Misconstruing Status As Control

Martin (1992: 527-8):
The unequal status in text [4:2] for example is signalled in part by the fact that the interviewer asks questions and listens while the interviewer [sic] answers questions and talks.  This is not to say that the interviewer is not in control; s/he is, but that is a matter of genre, not tenor — interviewers generally defer to interviewees as part of the social process of manipulating them (as do salespersons opening a sale in service encounters).

Blogger Comments:

[1] The different rôles of interviewer and interviewee do not, in themselves, correlate with unequal social status.  Individuals of equal status may interview each other.  Moreover, higher status individuals may interview lower status individuals, as in job interviews, and lower status individuals may interview higher status individuals, as in political interviews.

[2] As previously explained, the notions of 'status' and 'control' are not equivalent.  Note that the assumption here is that the interviewee is of higher status than the interviewer.

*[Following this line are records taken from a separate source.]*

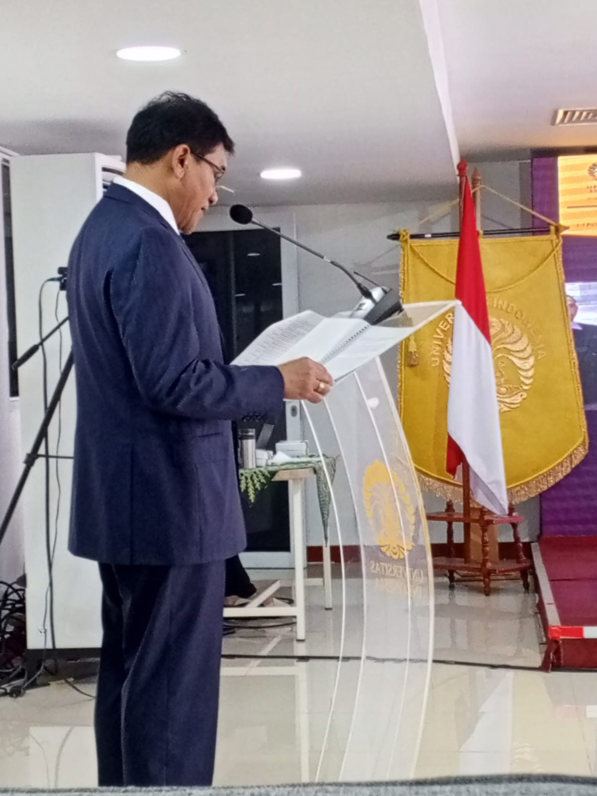 <p>Sidang Promosi Doktor Sekolah Ilmu Lingkungan Universitas Indonesia. Promovendus Fabian Buddi Pascoal sedang menyampaikan summary disertasi di kampus UI Salemba lt. 5 Jakarta Pusat. ( 17/2/24 )</p>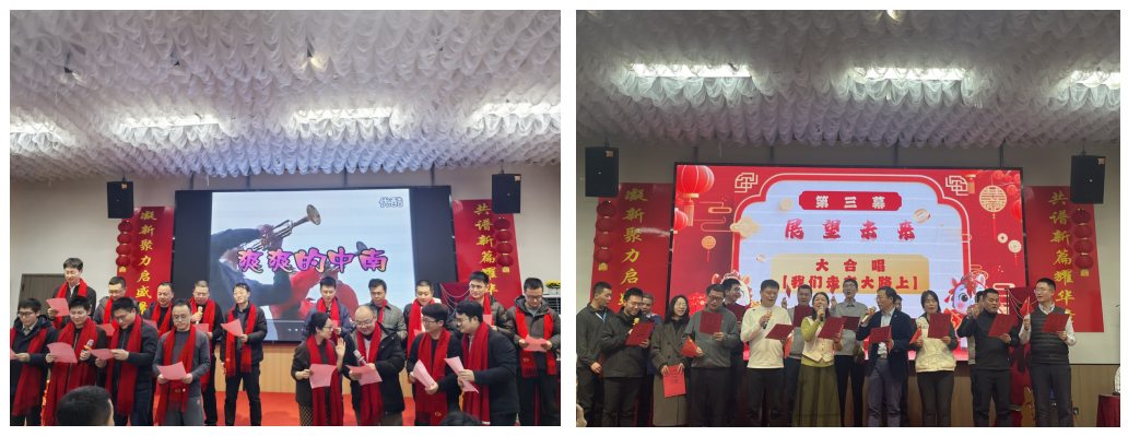 开场舞《“E”点“新”意》以唐风雅韵融合现代节奏,瞬间点燃现场气氛。随后,各系所教师纷纷登台献艺:交通设备与控制工程系与实验教学中心带来的合唱《我和我的祖国》深情款款,表达了教师们对祖国的赤子情怀;物流工程系演唱的《中国人民解放军进行曲》铿锵有力,展现了团结奋进的精神风貌;学工办创作的《健康到到令》以生动形式演绎工作与健康的平衡智慧;高速列车研究中心教师合唱的《爽爽的中南》搭配自创MV,尽显青春活力;交通运输系创作的舞台剧《运输人的时光诗》通过情景叙事,娓娓道来交通人的初心与担当;交通信息与控制工程系压轴献唱的《歌唱祖国》将晚会推向高潮,激昂歌声引发全场共鸣。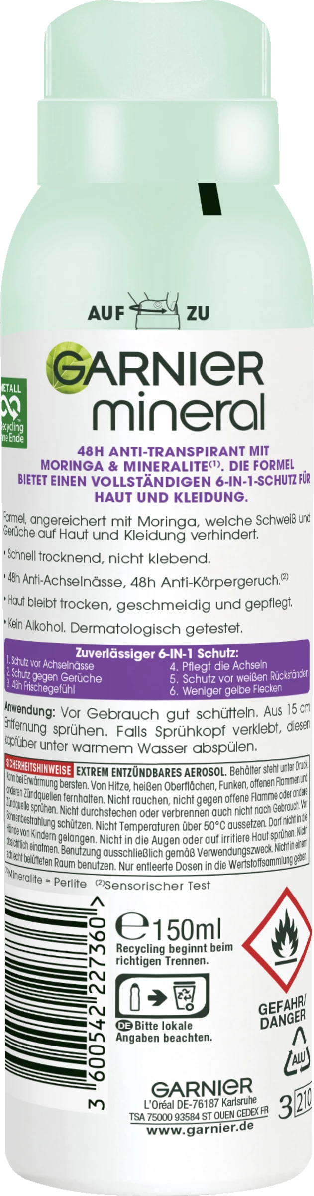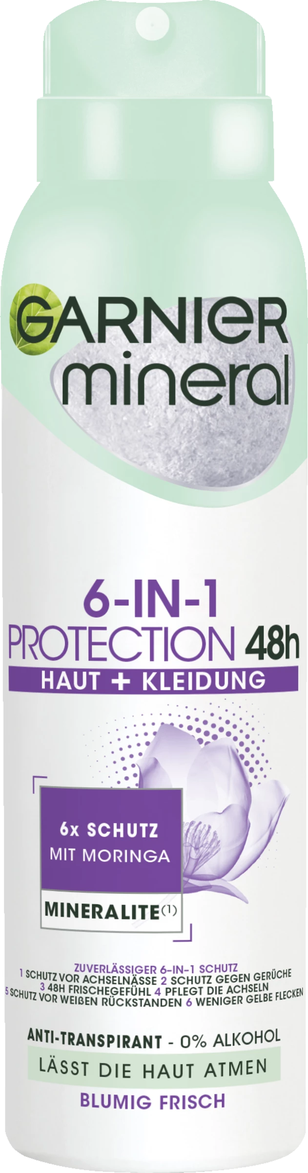 Hitze, Stress, Sport? Für den Garnier Mineral Protection 5 Spray kein Problem. Das Anti-Transpirant für Damen überzeugt mit einer 5-in-1-Wirksamkeit: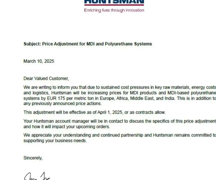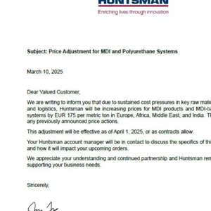 慧正资讯,2025年初,全球MDI(二苯基甲烷二异氰酸酯)市场掀起波澜。亨斯迈(Huntsman)在短短两个月内发起第二轮提价,继2月1日对欧洲、非洲、中东和印度MDI及聚氨酯产品提价125欧元/吨后,3月10日宣布自4月1日起再涨175欧元/吨。与此同时,万华化学欧洲公司宝思德、陶氏化学(Dow)、巴斯夫(BASF)等巨头也在第一季度密集上调MDI价格,涨幅在100-300美元/吨不等。与此同时,美国对中国MDI进口发起反倾销调查,进一步搅动市场风云。这一连串动作背后,既有厂商因低价高成本被迫提价的无奈,也有对市场需求变化与全球竞争格局的深刻应对。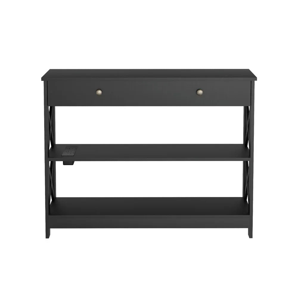 This Artiss console table features an MDF frame with a painting finish, a spacious drawer, sleek metal handles, and high-quality metal runners. Its stable X-shaped design includes a wall attachment. Easy to clean, maintain, and assemble.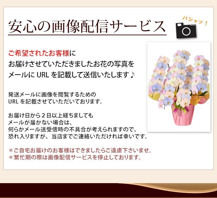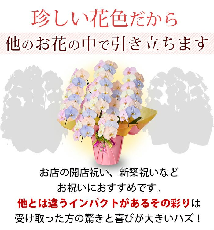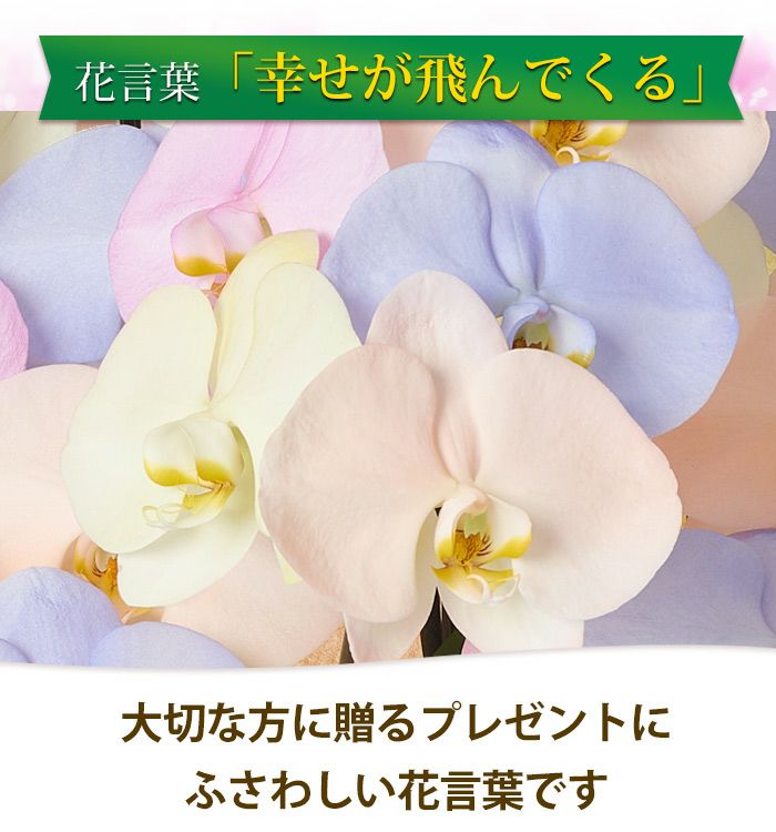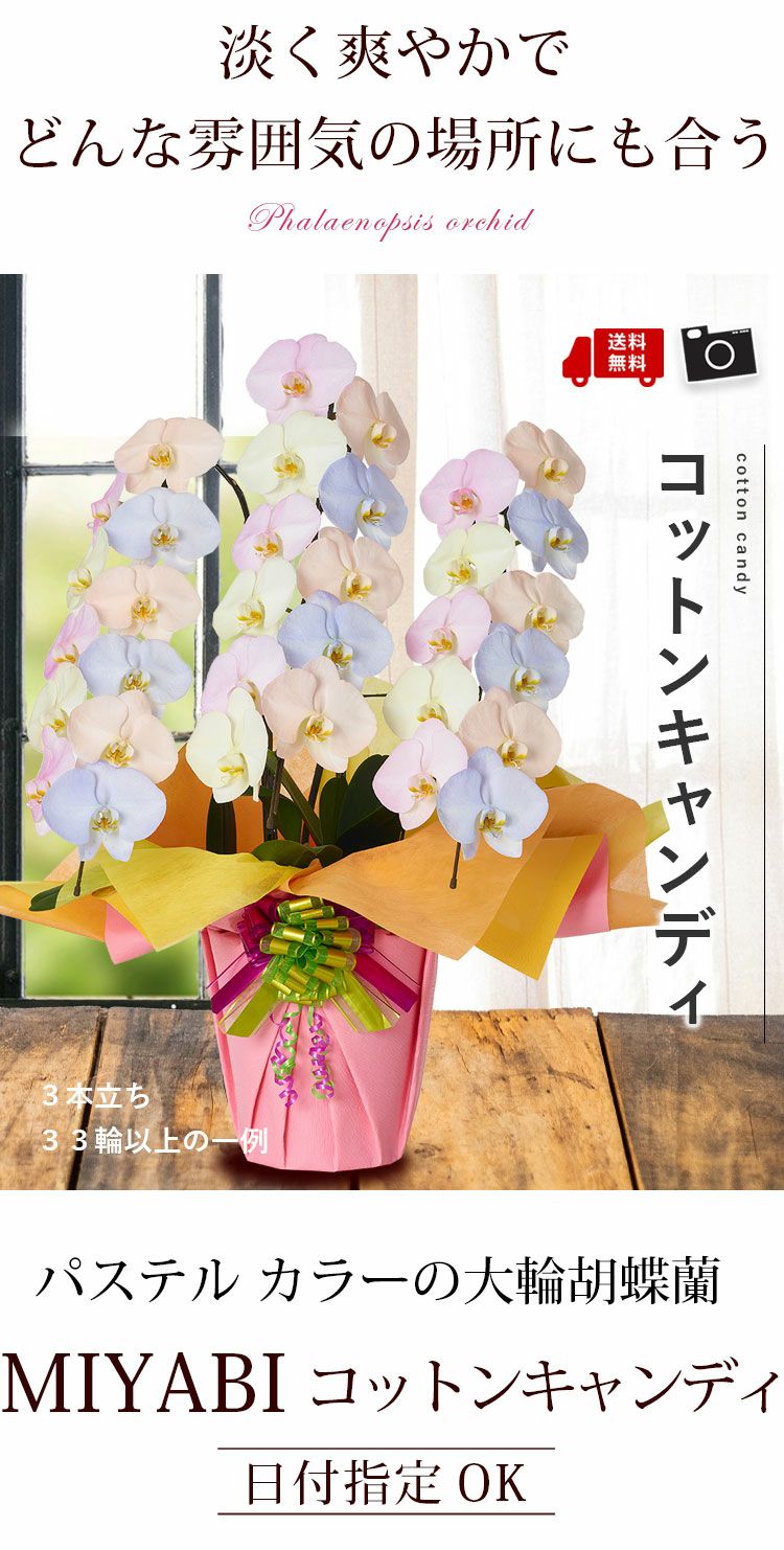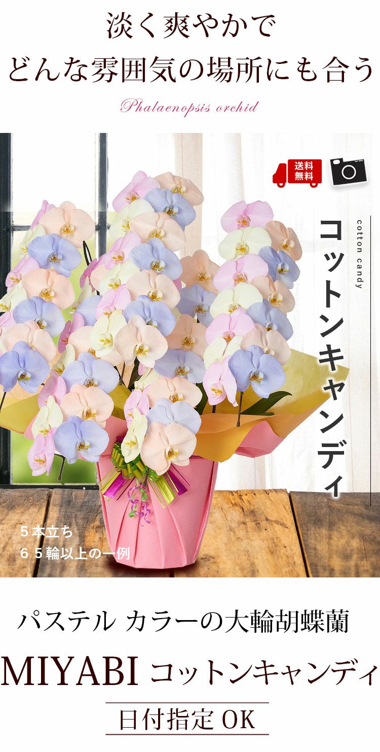 他の画像を見る 送料無料 誕生日 花言葉は「幸せが飛んでくる」 !産地直送!胡蝶蘭◎ 産地直送!リーフさんの カラー胡蝶蘭 コットンキャンディ MIYABI<大輪・3本立ち> 30輪以上 当店特別価格 ¥ 39,600 税込 詳細を見る お気に入りに登録する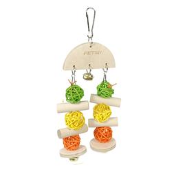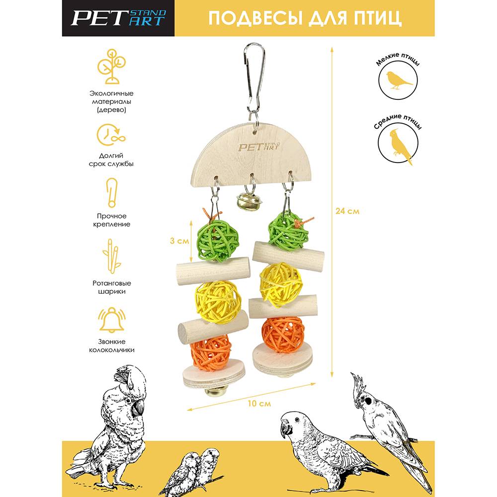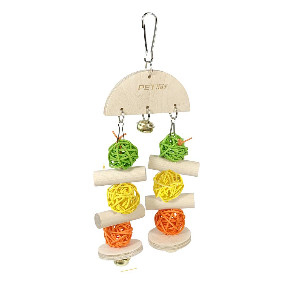 Яркая подвесная игрушка для птиц с колокольчиком от PetStandArt поднимет настроение, развлечет, приведет в настоящий восторг питомца. Подвес игрушка с колокольчиком состоит из прочного карабина, ротанговых шаров, чередующихся с деревянными брусками, дополнена звонкими колокольчиками. Шарики из ротанга без клея, поэтому птичка может безопасно жевать веточки. Каждая игрушка для попугая создается вручную из натуральных материалов с использованием пищевых красителей. Игрушка подходит для мелких птиц: для волнистых попугайчиков, для зябликов, для канареек, для корелл и других птиц аналогичного размера.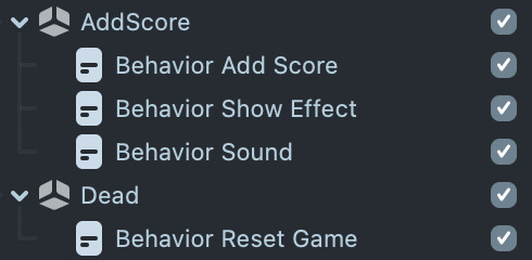 With Behavior Scripts, you can trigger Add Score or Dead effects. You can find all the behavior scripts under Add Score object and Dead object.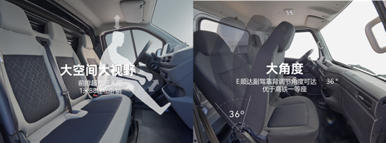 座舱空间大,1.88米的高个用户也不会压抑。E福顺还配备了行业少有的前排纯平三人座,更能满足用户的实际需求。E顺达副驾躺卧角度可达36°,优于高铁一等座的乘坐享受。同时,驾驶舱还拥有超大视野,标配怀挡和电子助力转向,还可配倒车影像,夫妻俩切换开车也完全没问题。

[3] The claim here is that an interviewer being in control of an interview is a matter of text type (genre) rather than tenor (context: the relationship between the interlocutors).  Leaving aside the fact that control is not equivalent to social status, whether or not the interviewer is in control of an interview is a matter of the situation (instance of cultural context) realised in the text.  The most common situation type where the interviewee turns out to be in control is that of a political interview.